Как разумел наш ученый отношение наук к государству? Он выразил мнение о том в похвальном слове Елисавете, где представляет академию наук центральным местом в государстве, подающим голоса свои и советы по всем главным ветвям государственного управления. Вот его слова: «Не всуе среди сего царствующего града жилище наукам воздвигнуто, но чтобы управляющие гражданские дела из мест судебных, упражняющиеся в военном деле со стен Петровых, предстоящие Монархическому лицу из пресветлого ее дому, строящие и управляющие флот Российский с верхов корабельных и обращающиеся в купечестве с судов и с пристанища на сие здание взирали, среди своих упражнений о науках помышляли и к ним бы любовию склонялись». Здесь академия изображена не каким-то отвлеченным от государственной жизни учреждением, а живым средоточием, дающим государству жизнь вполне разумную и сознательную.
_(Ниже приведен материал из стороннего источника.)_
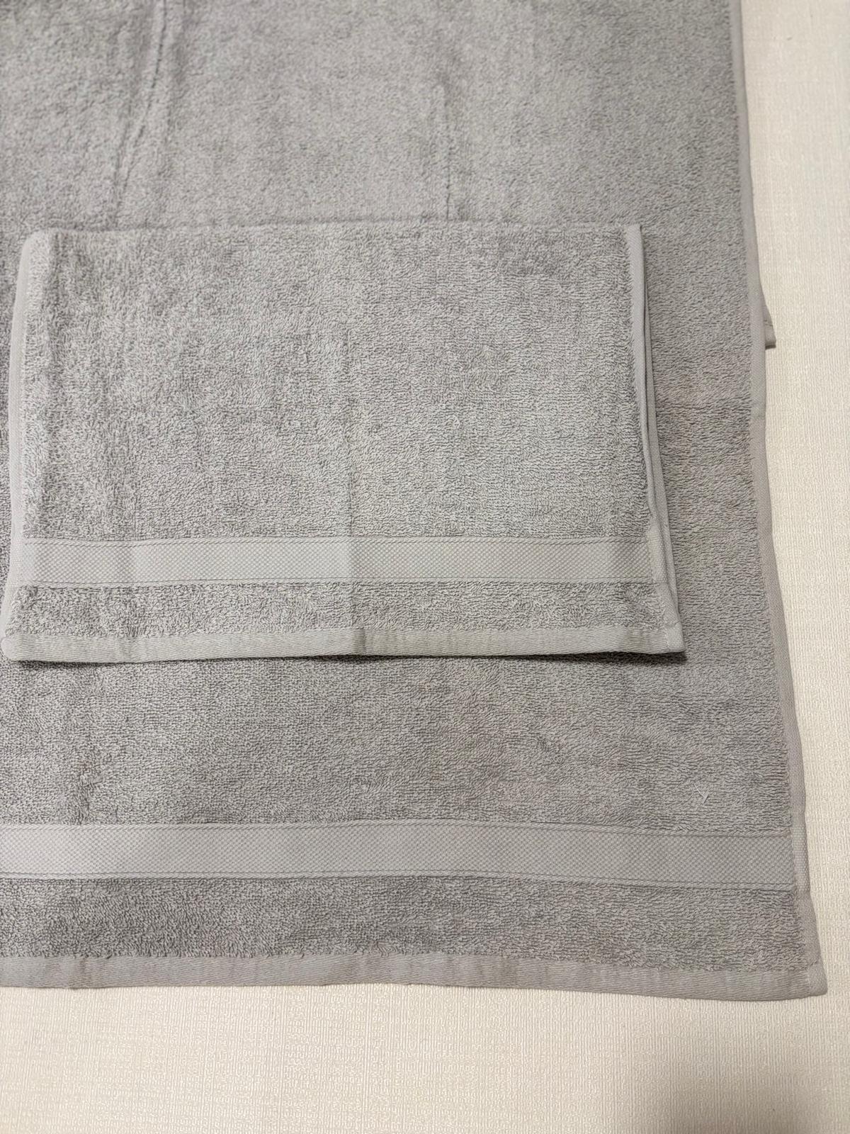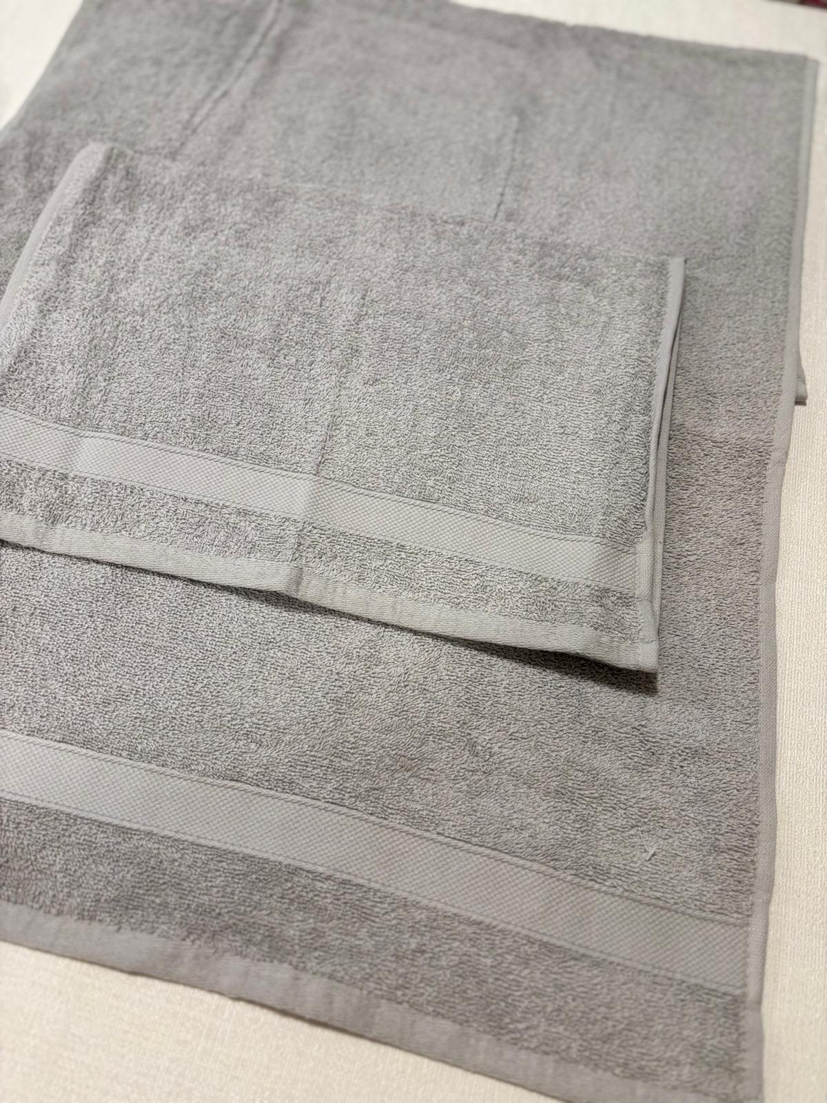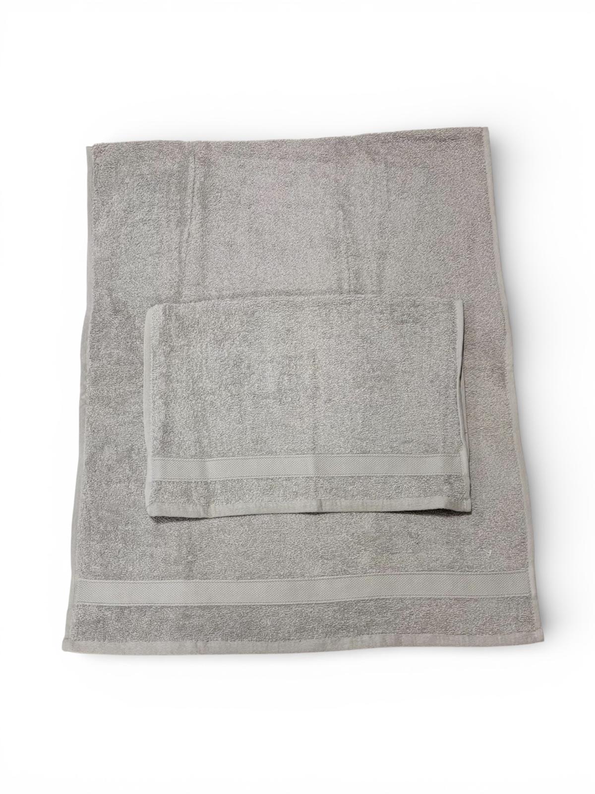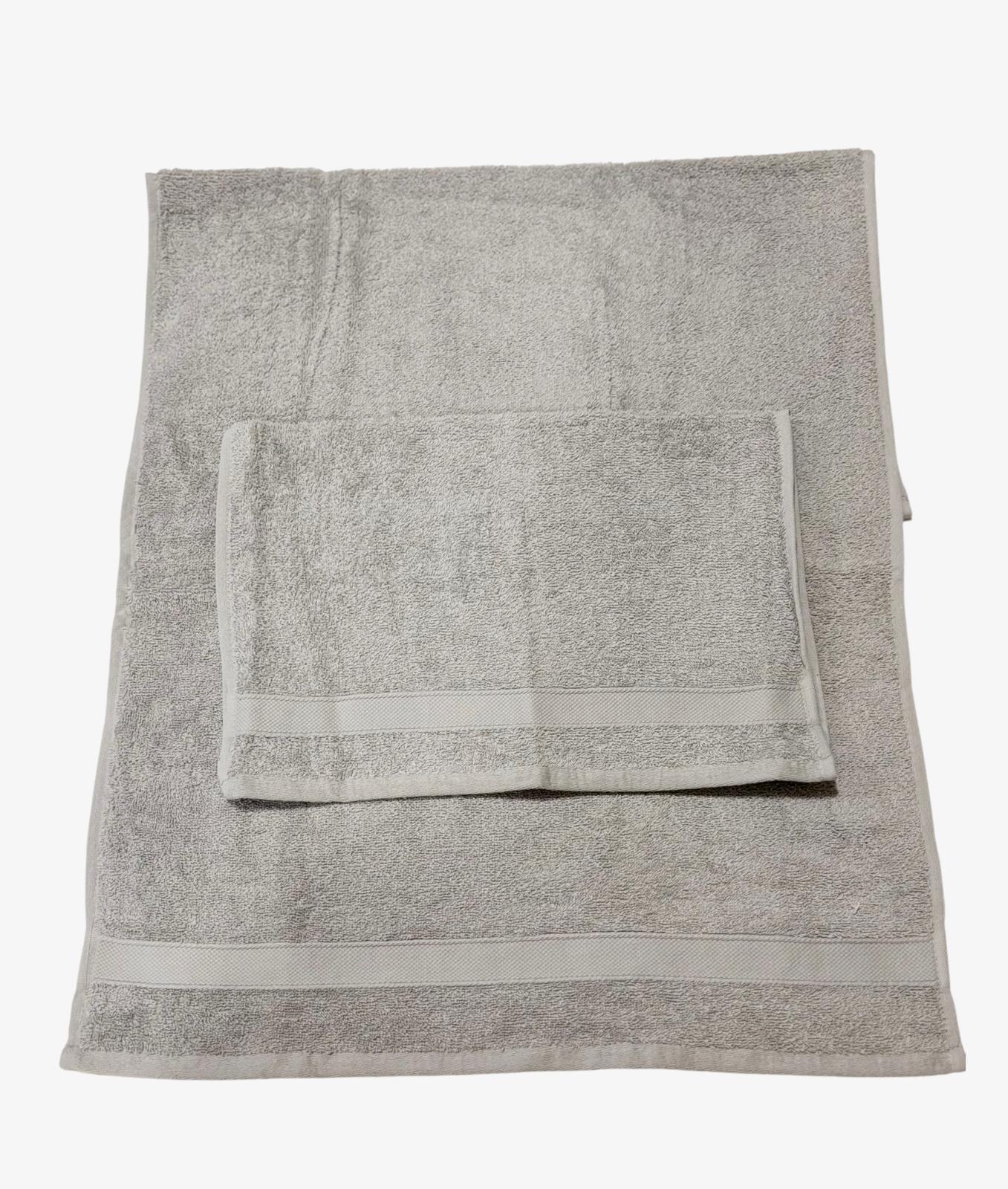 Set asciugamani 1+1 in spugna color perla con fascia stretta.

Наука не ослепляла Ломоносова и не мешала ему видеть недостатки в нашей жизни. В своем превосходном рассуждении о причинах, замедляющих народонаселение России, он указывает, между прочим, на злоупотребление постов и на быстрые переходы к розговенью, в день праздника Пасхи. Приведем картину из народной жизни, резко и верно изображенную Ломоносовым.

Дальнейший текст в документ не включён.